One of the challenges in insect chemical ecology is to understand how insect pheromones are synthesised, detected and degraded. Genome wide survey by comparative sequencing and gene specific expression profiling provide rich resources for this challenge. A. ipsilon is a destructive pest of many crops and further characterization of the genes involved in pheromone biosynthesis and transport could offer potential targets for disruption of their chemical communication and for crop protection.

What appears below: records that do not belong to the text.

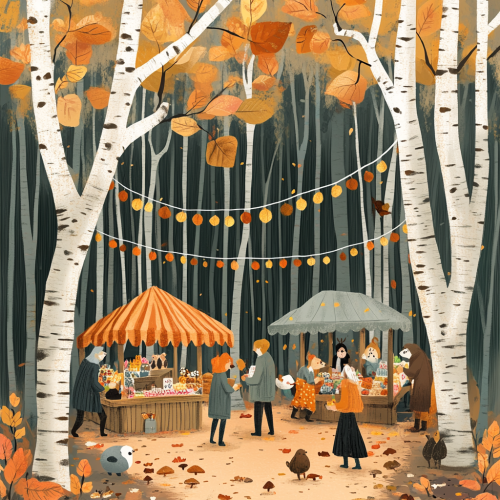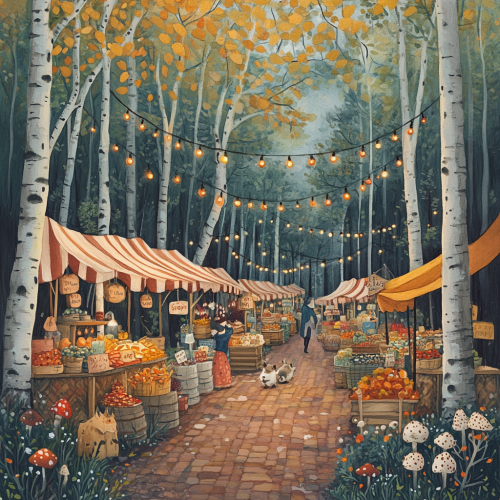 hand drawn vibrant detailed small clearing in a birch grove where market stalls are built into the trunks of the trees to resemble a cozy farmers market with string lights overhead fall leaves and mushrooms anthropromorphic forest animals shopping at the market
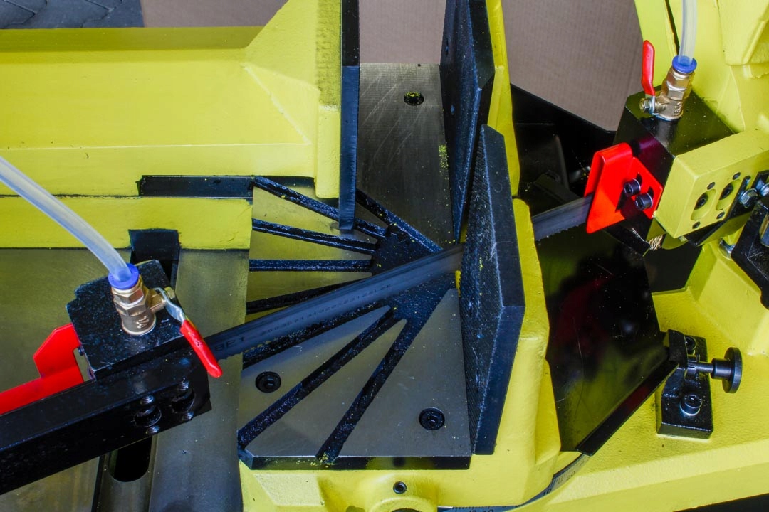 Стрічкова пила для металу ( з CE) дозволяє як перпендикулярне різання, так і різання під будь-яким кутом, діапазон якого становить від -45 до +60 градусів. Вирізаний елемент можна подавати вручну або автоматично за допомогою будь-якого пристрою подачі. Подача при різанні здійснюється за допомогою гідроциліндра.
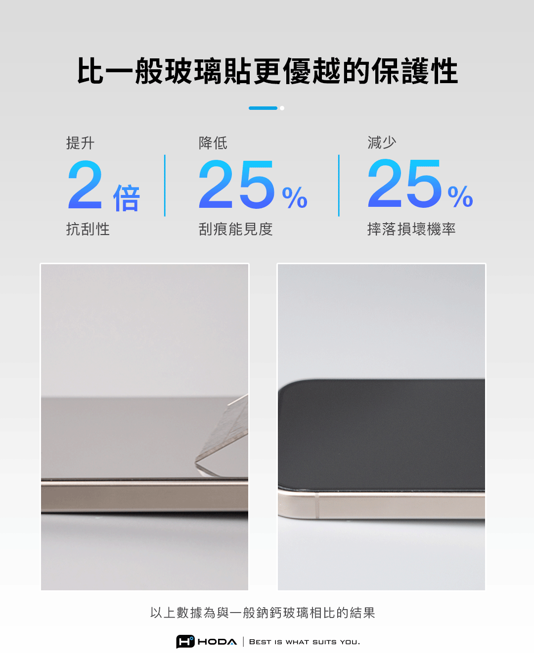 ✦ 高硬度玻璃結合耐衝擊結構,可降低25%損壞機率!
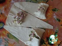 На каждый треугольник положить по 1 ст. л. начинки и свернуть тесто в рогалик. |
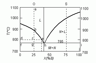 (3).- Es el punto eutéctico y hay 3 fases: A, B y L(líquido).
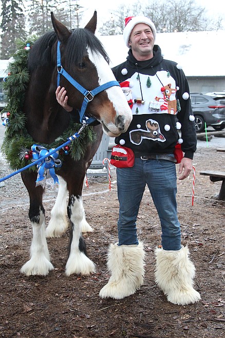 SantaCon participants even got to meet Missy, one of Parnell Ranch's Clydesdale horses, bedecked in her Christmas best with an oversized wreath decorated with bows and bells that jangled merrily when she moved.
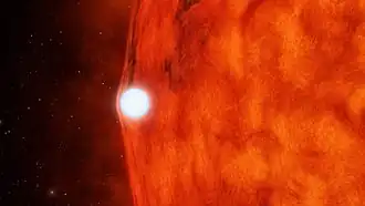 KOI-256 is a double star located in the constellation Draco approximately 575 light-years (176 pc) from Earth.[2] While observations by the Kepler spacecraft suggested the system contained a gas giant exoplanet orbiting a red dwarf, later studies determined that KOI-256 was a binary system composed of the red dwarf orbiting a white dwarf.[4][5]
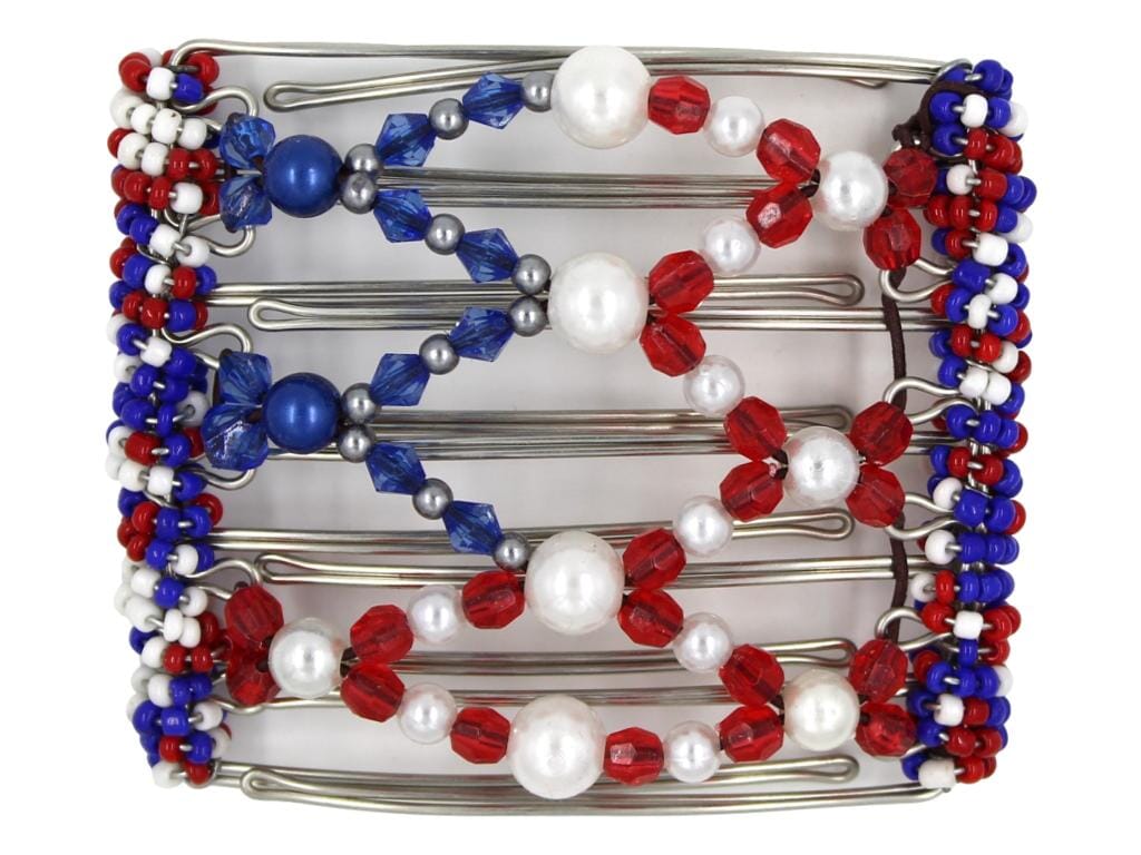 Let's show support for our country and acknowledge the sacrifices of our brave heroes with this 7 Tong Wire Hair Clip that proudly displays the American flag. Its unique charm will surely draw attention from other patriotic Americans. Practical and fashionable, this hair clip is suitable for both casual and dressy occasions. The 7 tooth design creates a strong hold that will last all day, keeping your hair in place and looking great!

Here we report 454 next-generation sequencing of the A. ipsilon pheromone gland transcriptome, identification and expression profiling of genes putatively involved in pheromone production, transport and degradation. A total of 23473 unigenes were obtained from the transcriptome analysis, 86% of which were A. ipsilon specific. 42 transcripts encoded enzymes putatively involved in pheromone biosynthesis, of which 15 were specifically, or mainly, expressed in the pheromone glands at 5 to 120-fold higher levels than in the body. Two transcripts encoding for a fatty acid synthase and a desaturase were highly abundant in the transcriptome and expressed more than 40-fold higher in the glands than in the body. The transcripts encoding for 2 acetyl-CoA carboxylases, 1 fatty acid synthase, 2 desaturases, 3 acyl-CoA reductases, 2 alcohol oxidases, 2 aldehyde reductases and 3 acetyltransferases were expressed at a significantly higher level in the pheromone glands than in the body. 17 esterase transcripts were not gland-specific and 7 of these were expressed highly in the antennae. Seven transcripts encoding odorant binding proteins (OBPs) and 8 encoding chemosensory proteins (CSPs) were identified. Two CSP transcripts (AipsCSP2, AipsCSP8) were highly abundant in the pheromone gland transcriptome and this was confirmed by qRT-PCR. One OBP (AipsOBP6) were pheromone gland-enriched and three OBPs (AipsOBP1, AipsOBP2 and AipsOBP4) were antennal-enriched. Based on these studies we proposed possible A. ipsilon biosynthesis pathways for major and minor sex pheromone components.
Our study identified genes potentially involved in sex pheromone biosynthesis and transport in A. ipsilon. The identified genes are likely to play essential roles in sex pheromone production, transport and degradation and could serve as targets to interfere with pheromone release. The identification of highly expressed CSPs and OBPs in the pheromone gland suggests that they may play a role in the binding, transport and release of sex pheromones during sex pheromone production in A. ipsilon and other Lepidoptera insects.